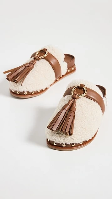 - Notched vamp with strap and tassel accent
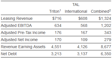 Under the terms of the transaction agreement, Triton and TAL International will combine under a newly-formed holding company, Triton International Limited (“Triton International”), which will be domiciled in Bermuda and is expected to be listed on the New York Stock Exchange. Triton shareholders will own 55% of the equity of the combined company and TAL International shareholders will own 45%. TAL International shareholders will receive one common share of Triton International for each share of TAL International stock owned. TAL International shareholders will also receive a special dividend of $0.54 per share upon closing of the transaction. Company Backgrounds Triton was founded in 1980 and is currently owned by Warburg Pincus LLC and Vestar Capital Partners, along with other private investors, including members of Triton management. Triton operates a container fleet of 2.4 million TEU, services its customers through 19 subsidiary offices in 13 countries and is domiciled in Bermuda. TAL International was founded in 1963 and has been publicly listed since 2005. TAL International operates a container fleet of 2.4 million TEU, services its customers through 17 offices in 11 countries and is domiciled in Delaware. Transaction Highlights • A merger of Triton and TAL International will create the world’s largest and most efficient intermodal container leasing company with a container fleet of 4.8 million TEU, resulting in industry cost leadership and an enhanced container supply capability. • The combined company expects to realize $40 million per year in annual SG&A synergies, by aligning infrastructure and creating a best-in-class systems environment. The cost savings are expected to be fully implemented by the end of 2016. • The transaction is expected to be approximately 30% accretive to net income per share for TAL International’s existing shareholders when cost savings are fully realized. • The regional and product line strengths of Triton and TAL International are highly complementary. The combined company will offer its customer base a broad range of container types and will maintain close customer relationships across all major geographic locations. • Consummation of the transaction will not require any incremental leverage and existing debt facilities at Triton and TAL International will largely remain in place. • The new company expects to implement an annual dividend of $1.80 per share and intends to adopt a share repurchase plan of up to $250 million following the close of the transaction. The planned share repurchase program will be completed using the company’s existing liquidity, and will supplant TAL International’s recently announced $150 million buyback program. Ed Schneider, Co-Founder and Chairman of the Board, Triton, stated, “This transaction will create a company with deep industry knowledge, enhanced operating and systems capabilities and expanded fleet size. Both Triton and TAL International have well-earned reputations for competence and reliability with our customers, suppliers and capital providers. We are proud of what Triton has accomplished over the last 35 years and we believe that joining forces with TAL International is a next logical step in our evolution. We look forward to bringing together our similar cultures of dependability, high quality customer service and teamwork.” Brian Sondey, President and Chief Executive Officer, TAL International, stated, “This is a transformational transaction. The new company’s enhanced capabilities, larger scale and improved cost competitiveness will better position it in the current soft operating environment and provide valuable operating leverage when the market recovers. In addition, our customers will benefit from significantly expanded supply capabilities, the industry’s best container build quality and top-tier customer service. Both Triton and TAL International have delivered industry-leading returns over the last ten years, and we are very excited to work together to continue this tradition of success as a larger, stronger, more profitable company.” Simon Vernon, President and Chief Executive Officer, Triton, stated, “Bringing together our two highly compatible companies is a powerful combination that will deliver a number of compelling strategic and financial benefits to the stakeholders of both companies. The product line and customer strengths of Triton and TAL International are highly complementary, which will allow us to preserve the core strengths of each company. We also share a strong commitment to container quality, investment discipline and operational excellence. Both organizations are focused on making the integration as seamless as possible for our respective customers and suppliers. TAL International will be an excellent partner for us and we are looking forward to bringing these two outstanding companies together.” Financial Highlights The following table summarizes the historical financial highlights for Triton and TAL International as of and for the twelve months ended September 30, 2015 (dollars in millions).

####################

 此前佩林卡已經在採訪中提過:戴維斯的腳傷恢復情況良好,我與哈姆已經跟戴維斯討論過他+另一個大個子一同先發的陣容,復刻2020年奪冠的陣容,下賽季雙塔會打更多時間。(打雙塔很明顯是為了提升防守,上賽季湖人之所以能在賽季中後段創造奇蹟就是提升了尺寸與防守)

####################

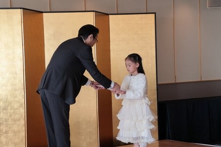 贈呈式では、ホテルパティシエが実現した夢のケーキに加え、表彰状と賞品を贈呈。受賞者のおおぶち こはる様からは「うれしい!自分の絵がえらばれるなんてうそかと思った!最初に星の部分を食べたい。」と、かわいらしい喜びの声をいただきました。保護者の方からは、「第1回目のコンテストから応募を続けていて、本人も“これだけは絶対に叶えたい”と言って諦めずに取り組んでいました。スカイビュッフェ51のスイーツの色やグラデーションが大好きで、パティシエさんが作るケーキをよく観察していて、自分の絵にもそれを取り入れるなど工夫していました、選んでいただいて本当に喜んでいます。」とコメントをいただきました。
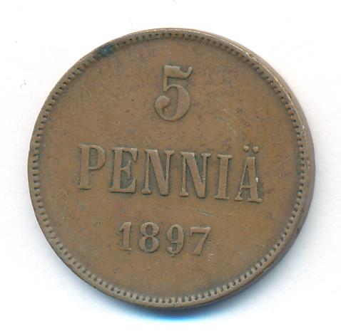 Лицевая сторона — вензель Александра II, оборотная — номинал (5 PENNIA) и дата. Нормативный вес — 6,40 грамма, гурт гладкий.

####################

"贈呈式では、ホテルパティシエ" marks the first line to copy, and "Лицевая сторона —" marks the last. Repeat that stretch above exactly, with no pictures.

 贈呈式では、ホテルパティシエが実現した夢のケーキに加え、表彰状と賞品を贈呈。受賞者のおおぶち こはる様からは「うれしい!自分の絵がえらばれるなんてうそかと思った!最初に星の部分を食べたい。」と、かわいらしい喜びの声をいただきました。保護者の方からは、「第1回目のコンテストから応募を続けていて、本人も“これだけは絶対に叶えたい”と言って諦めずに取り組んでいました。スカイビュッフェ51のスイーツの色やグラデーションが大好きで、パティシエさんが作るケーキをよく観察していて、自分の絵にもそれを取り入れるなど工夫していました、選んでいただいて本当に喜んでいます。」とコメントをいただきました。
 Лицевая сторона — вензель Александра II, оборотная — номинал (5 PENNIA) и дата. Нормативный вес — 6,40 грамма, гурт гладкий.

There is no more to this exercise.